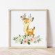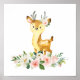 Deer, Woodland Animals, Boho, Pink Flowers Poster
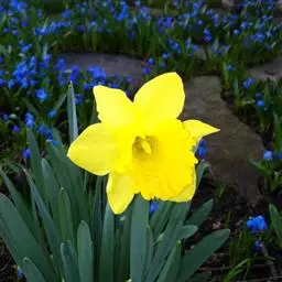 鳞茎较小,叶狭线形,表面有凹沟,鲜绿色。花茎与叶等长。顶生花2~6朵,鲜黄色,副花冠也为鲜黄色,边缘波状。花期3月下旬~4月中旬,单朵花开放7~10天,芳香。耐寒,鳞茎
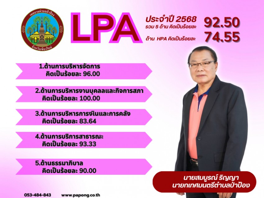 - ประกาศเทศบาลตำบลป่าป้อง เรื่อง ผลการประเมินประเมินประสิทธิภาพขององค์กรปกครองส่วนท้องถิ่น LPA 2568(22 ส.ค. 68)
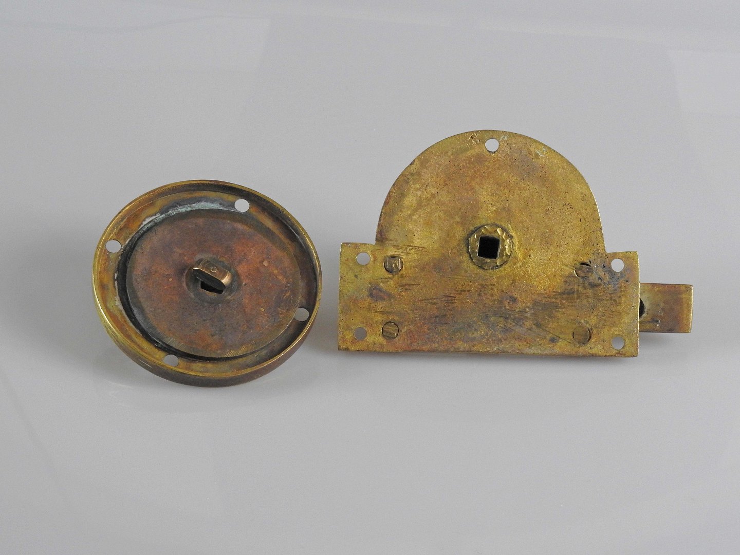 Der mangler forskruning mellem de 2 beslag, fløjmøtrik på fri/optaget er ikke original, Forskruning kan nemt laves, men afhænger af tykkelse på dør.
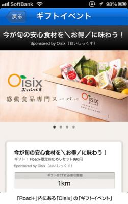 連携にともない、リンクシェア・ジャパンの大手広告主である「Oisix(おいしっくす)」の掲載が開始し、「野菜がたっぷり食べられるRoad+限定お試しセット980円(送料込み)」がギフトとして提供されました。「Road+」の利用者は、本アプリ内にある「Oisix」の「ギフトイベント」に参加登録をして、1kmを歩行すると、ギフトを取得することができます。
- - -
- _Assigned task_
With pictures excluded, the material is to be written out exactly as given.

- _Exercise response_
 Deer, Woodland Animals, Boho, Pink Flowers Poster
 鳞茎较小,叶狭线形,表面有凹沟,鲜绿色。花茎与叶等长。顶生花2~6朵,鲜黄色,副花冠也为鲜黄色,边缘波状。花期3月下旬~4月中旬,单朵花开放7~10天,芳香。耐寒,鳞茎
 - ประกาศเทศบาลตำบลป่าป้อง เรื่อง ผลการประเมินประเมินประสิทธิภาพขององค์กรปกครองส่วนท้องถิ่น LPA 2568(22 ส.ค. 68)
 Der mangler forskruning mellem de 2 beslag, fløjmøtrik på fri/optaget er ikke original, Forskruning kan nemt laves, men afhænger af tykkelse på dør.
 連携にともない、リンクシェア・ジャパンの大手広告主である「Oisix(おいしっくす)」の掲載が開始し、「野菜がたっぷり食べられるRoad+限定お試しセット980円(送料込み)」がギフトとして提供されました。「Road+」の利用者は、本アプリ内にある「Oisix」の「ギフトイベント」に参加登録をして、1kmを歩行すると、ギフトを取得することができます。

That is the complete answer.